Your problem, of course, is that it is unlikely that most parents will join you, most teachers and, of course, the students are too young.

If Whittier's Spectrum program falls, then we will know the fix is in.
Lawton Parent said…
I think Whittier should learn from Lawton and recognize that self-contained Spectrum is on its way out as it is incompatible with the NASP. You can't guarantee program slots and at the same time guarantee the neighborhood kids. And then there is the sibling issue. SPS is moving towards site-based advanced learning at the elementary level. It has to. The real braniacs can go to Lowell, Lincoln, TM. What Whittier needs to do is make sure they get walk to math AND walk to reading/writing. That will make Whittier the new model and, probably, a better school. Lawton got a "SOMETIMES walk to reading/writing" when they cluster-group model came out last year and it is delivered in only one instance at this time. Heck, I don't think they are even cluster-grouping as per the model as it didn't really solve the main problem which was dealing with capable kids who missed the testing cut off and were year after year in classes that went from high to low ability and these kids never got to be in with the Spectrum kids.
Personally, I think that Dr. Enfield gave Christine a very tough job in changing Spectrum at Lawton and all things considered, she did what had to be done and people aren't really that upset this year. There are some some strains here and there, but most everybody is speaking to each other and the kids are frankly happy to be mixed up again. I think Dr. Garrens will be a great principal and will hopefully start more walk to reading/writing. I also think it is very noble as well as good for Lawton that Christine is moving across the bridge. She has taken more flak than most people could bear and I'm sure it hasn't been easy for her. I wish her the best of luck and I hope that she does well in the future.
Anonymous said…
Spectrum at Whittier is a terrific program, but very oversubscribed. If your kid manages to get in for First Grade it's all well and good, but beyond that kids rarely get in, and there is typically a waiting list at each grade level. My son tested in twice, but we never got a place, so gave up on the testing after 2nd Grade. Long term, walk to math or reading would be a beneficial as it would serve more kids, not just those who managed to secure one of the 28 or so places.

Whittier Parent.
The Dolphin said…
Seattle is a weird city. It seems that if the district just came out and said what they wanted and why, a lot of energy could be directed in other more productive areas. If Spectrum as a self-contained model has to go, then so be it. But spend time figuring out how to make school work just as well as it did for the Spectrum kids but including all the kids. I know that was the title of Lawton's committee, Challenge All students, but the premise should be that we don't take away from what we are offering the Spectrum self-contained kids, we offer it to everyone. It became a zero sum situation. Spectrum parents saw that they would only lose out on their child's education and non-Spectrum parents saw it as the only way to get more for their children was to spread the Spectrum kids around and dilute the "hard to teach" students. I think Lawton staff needs to consider school-wide walk to reading/writing as a way to truly challenge all students.
Anonymous said…
Yes, it isn't just spectrum program that is not compatible with NSAP, so are all the APP kids who have to move on and out too because their program just aren't compatible with NSAP. Sigh.

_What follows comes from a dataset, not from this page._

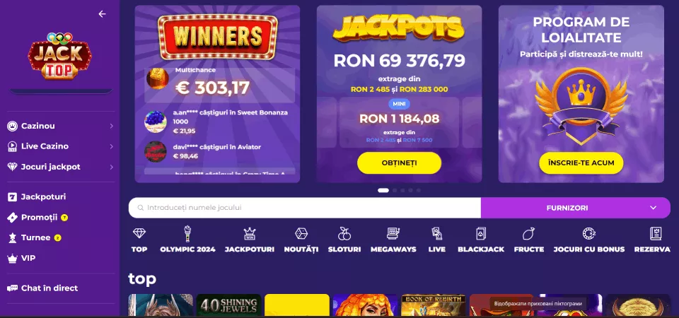 Platforma virtuală de casino Jacktop îți oferă acces la peste 5000 de jocuri, bonusuri, promoții și turnee de top când te înregistrezi din România. Citește recenzia și vei afla informații complete despre versiunearomânească online casino Jacktop.

Maybe we should just open one school for the AL program and be done with it. Any large derelict SPS building around to accomodate?

- in need of a home
Anonymous said…
huh? this wasn’t the main problem.. "capable kids who missed the testing cut off and were year after year in classes that went from high to low ability and these kids never got to be in with the Spectrum kids." If they missed testing, they could take it the next year. They didn't spend year after year in classroom limbo. And the whole cluster grouping model is premised on the fact that "high achieving-but-non gifted students" don't thrive in classes with gifted kids.

A main problem (not the main problem) was the perception (by staff and some parents alike) that spectrum kids were 'easier' (or any other term you want to plug in there to mean less behaviour problems) and a desire to divide out the "time intensive" students. (That perception and dividing is absolutely confirmed - read the CASteam minutes) To be sure, a main problem was that teachers wanted more say in classroom placement, which they didn't have if the spectrum cohort stayed self contained. Self contained was more problematic some years than others (both when the cohort is large and takes up much of the self contained classroom, and when the cohort has students who don't do well in the same classroom together) but to me it was a throw the baby out with the bathwater situation v. trying to figure out how to adjust the bathwater on a year by year situation.

The whole thing was complicated by the principal churn we had and NO direction from SPS for a very long time. That and there was a meeting with Enfield and Vaughan to which no Spectrum representative was invited. (that meeting resulted in the "permission" to split the cohorts and rightfully left a very bad taste in people's mouths about the lack of tranparancy about the meeting)

I don't disagree that they aren't delivering the cluster grouping as proposed by CAST and approved by staff, especially in 5th grade. All "levels" (1-5) are mixed together, which negates any benefit of cluster grouping (wider range for differentiation, among them)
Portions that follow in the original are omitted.